Liberals must abandon the fantasies of denial that have been our curse, really since 1984. The proud reality is that we are the party of minorities, be they religious, linguistic, cultural, gender or economic.

We held the West when they hated those Toronto bankers, until they got rich and became bankers. We held Quebec until francophones stopped thinking of themselves as minorities in Canada, and started thinking of themselves as majorities in Quebec. We held rural and Northern Ontario until they began to see us as too elite and downtown. We held the cultural and ethnic minorities of the Greater Toronto Area and Montreal and Vancouver until we stopped defending them and the Charter.
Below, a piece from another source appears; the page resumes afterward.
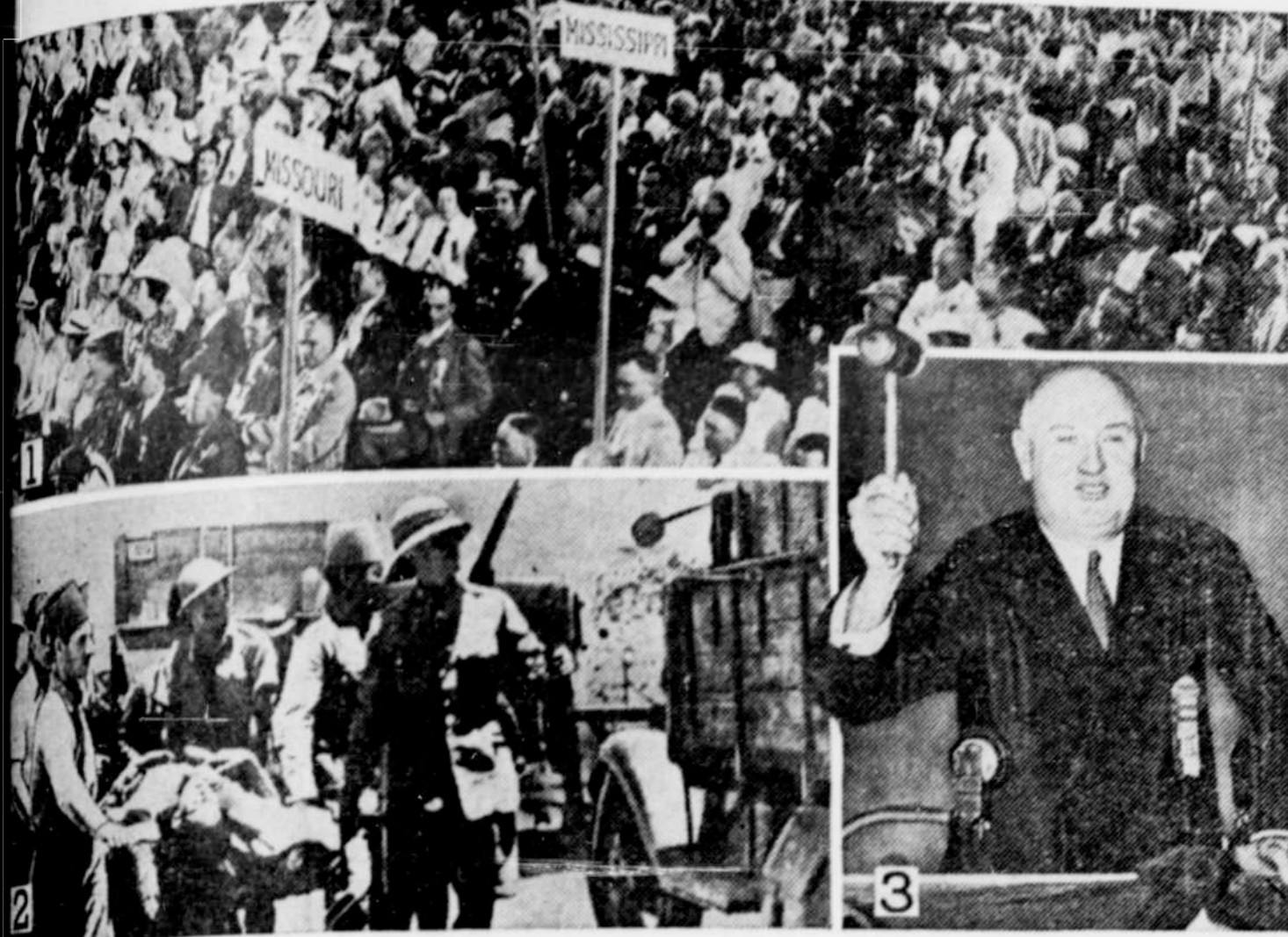
1—Scene at the Democratic National convention in Philadelphia which renominated President Roosevelt. 2—Further outbreaks of violence in Jerusalem result in fatal wounding of an Arab school teacher. 3—James A. Farley, chairman of the Democratic National committee, opening the convention.

Now we are left with a handful of seats held through incumbency and organization and tribal loyalty, but without a regional base that unites them. The best choice for Liberals is to return to our core principal to protect the sanctity of the individual to be themselves.

In the past, we protected vulnerable people from government excess with the Charter and eliminating the deficit, and protected vulnerable people from economic catastrophe with pensions and medicare. We legalized same-sex marriage and produced a Canadian flag and introduced multiculturalism, acts that infuriated many people at the time, but made Canada a country where you can be proud and free to be yourself, as a minority or not. But mythologizing our past has made us forget the values that underlay it.

Being a Liberal is hard. We speak for the rights of minorities. Sometimes minorities are unpopular. But all of us are minorities, in some way. That makes our party the biggest tent possible.

The future of the Liberal Party comes from these values, this timeless defence of a person's right to be themselves. That is our foundation and the beginning of our path forward.